Kopp et al. [30] conducted a study in 92 children with allergic rhinitis due to sensitization to birch and grass pollen. Randomized in four groups, two groups were treated with SIT to birch pollen, and two groups to grass pollen. After 12 weeks of IT, subcutaneous placebo or anti-IgE was added for 24 weeks. In the two groups receiving grass-specific SIT, there was a statistically significant difference in the scores for daily medication use, eye symptoms and mean symptom load, and in the group treated with birch-specific SIT and anti-IgE, the symptoms were significantly lower compared to the group treated with birch-specific SIT and placebo. The combination of anti-IgE and grass SIT, as well as anti-IgE and birch SIT, resulted in significantly lower in vitro sulfidoleukotriene release in comparison to placebo combined with IT. This observation was made not only after stimulation with the corresponding allergen, but also after stimulation with unrelated allergen. In response to birch pollen, a significant association was shown between the use of rescue medication, the symptom load and in vitro leukotriene release after therapy. An extension of this study [5] revealed that the combination of SIT and anti-IgE is associated with the prevention of an increase in eosinophilic cationic protein in nasal secretions during the pollen season and a decrease in tryptase levels in nasal secretions. Tryptase was significantly lower in the omalizumab-treated group compared with the placebo-treated group during and after the birch pollen season.
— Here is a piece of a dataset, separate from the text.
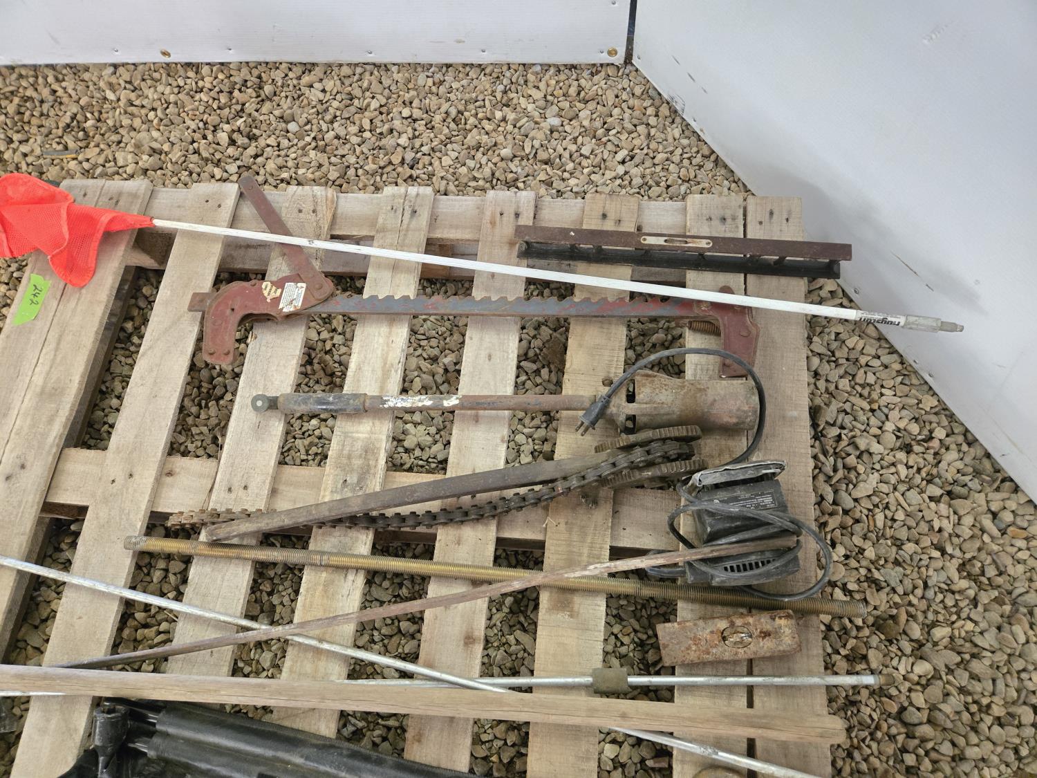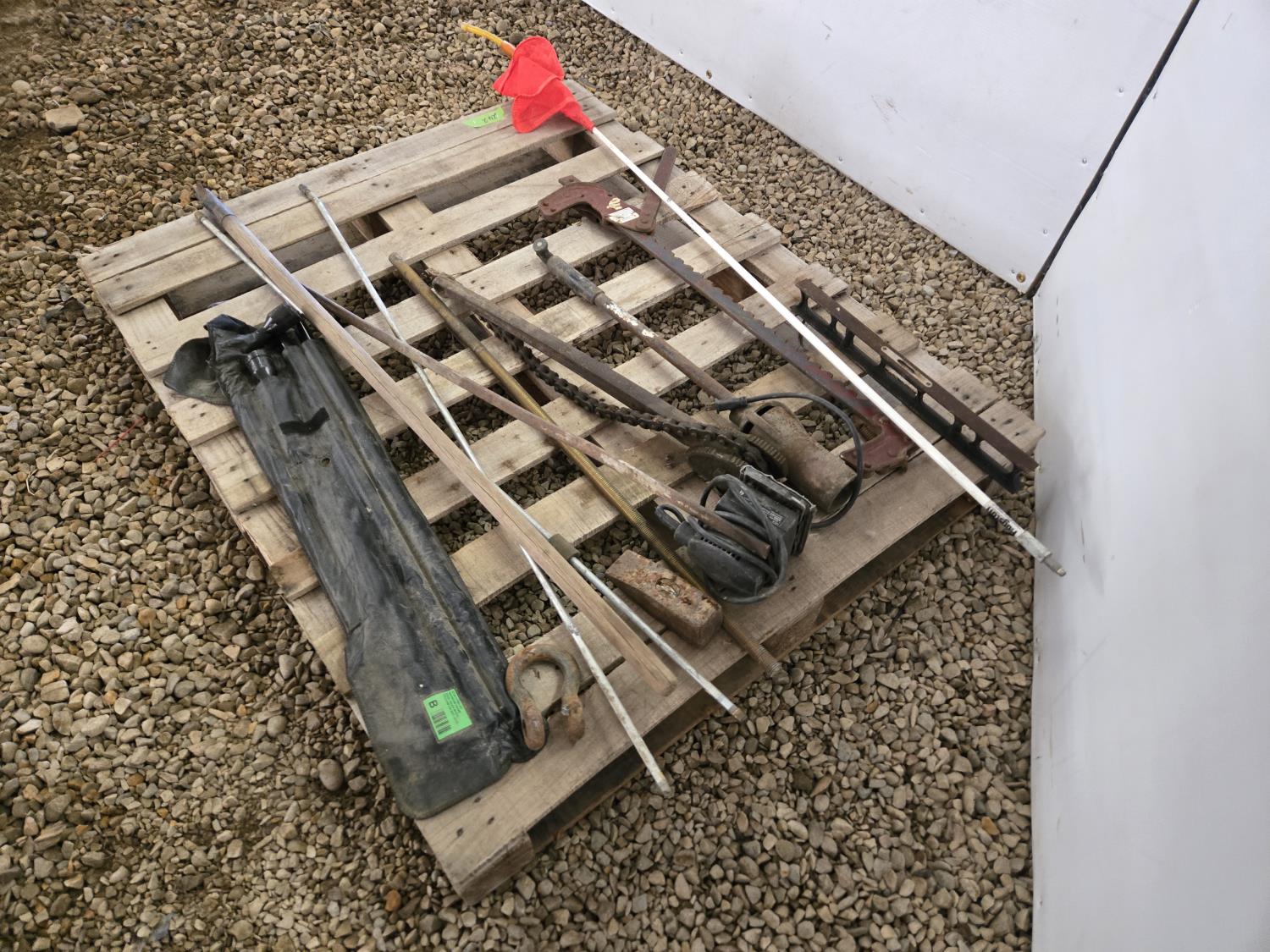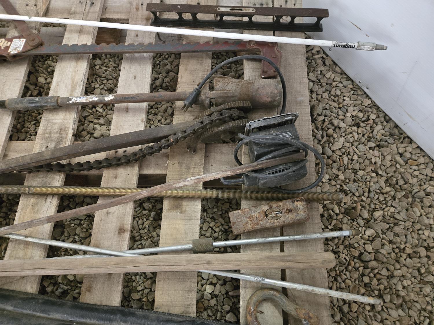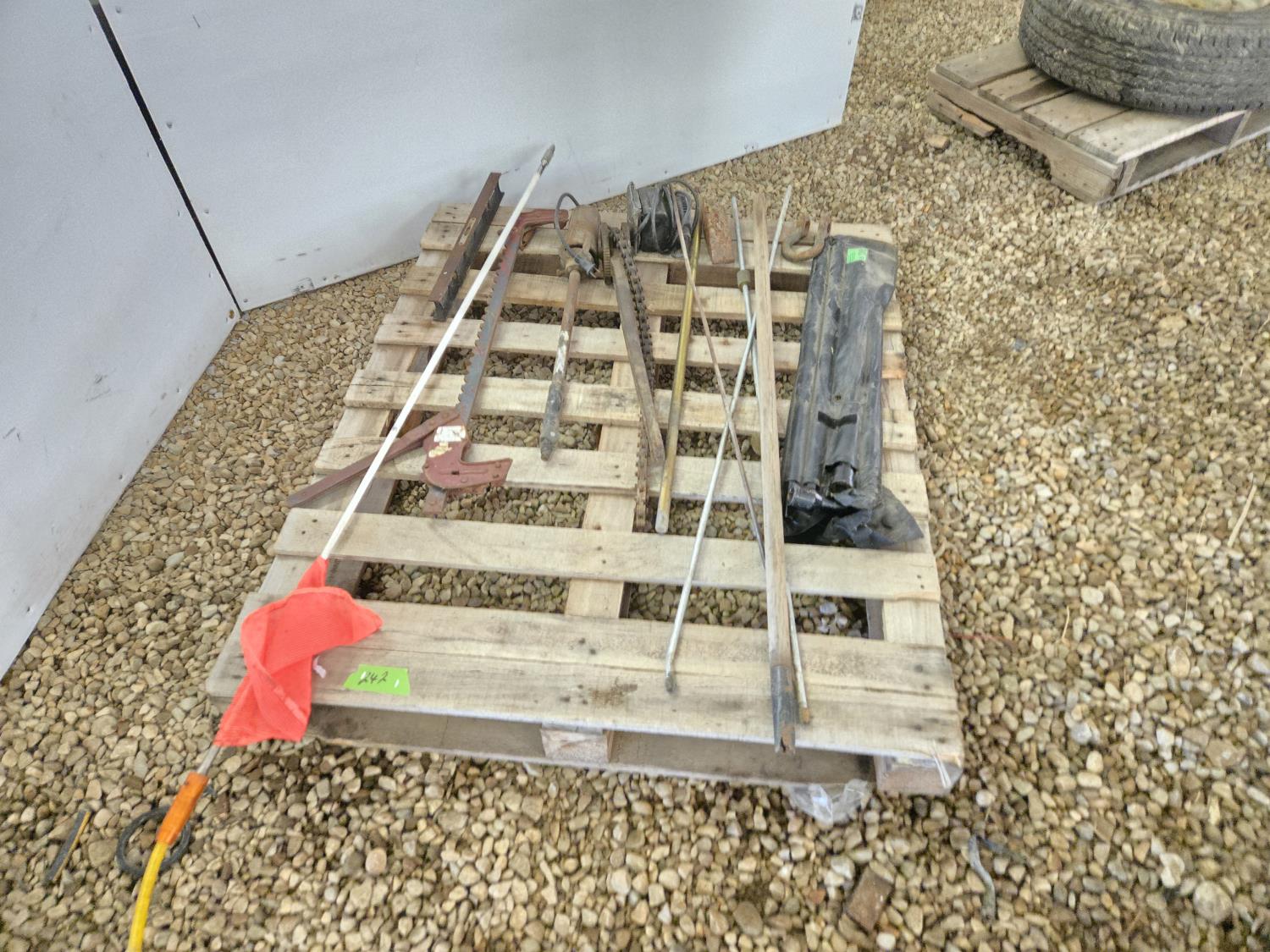 tiger torch, wheel wrench, wire stretcher, chain pipe wrench, level, threaded rod

In parallel to those studies, Kuehr et al. [44] investigated the complementary action of SIT and anti-IgE in a randomized, double-blind trial in four treatment groups. Two hundred and twenty-one patients aged between 6 and 17 years were started on birch- or grass-specific SIT. Anti-IgE or placebo was added before and maintained during the anticipated pollen seasons for a total of 24 weeks. Combination therapy significantly reduced symptom load over the two pollen seasons compared to SIT alone. The numbers of days with rescue medication use and allergic symptoms were significantly lower in the SIT plus anti-IgE groups than in the placebo groups. Anti-IgE reliably reduced allergen-induced symptom load regardless of the nature of the allergen and the efficacy of conventional SIT when analyzed by season. A protective effect of anti-IgE treatment was demonstrated, independent of the type of allergen, and an additional clinical benefit of SIT in both pollen seasons could be seen by the significant decrease in symptom load during the pollen season for those patients receiving the relevant SIT. Further analyses to assess the effects of the two treatment options on symptom severity scores and rescue medication use were performed [45] and showed a significantly diminished rescue medication use and a reduction in the number of symptomatic days with anti-IgE monotherapy. The combination of omalizumab and SIT showed a superior effect on symptom severity compared to anti-IgE or SIT alone.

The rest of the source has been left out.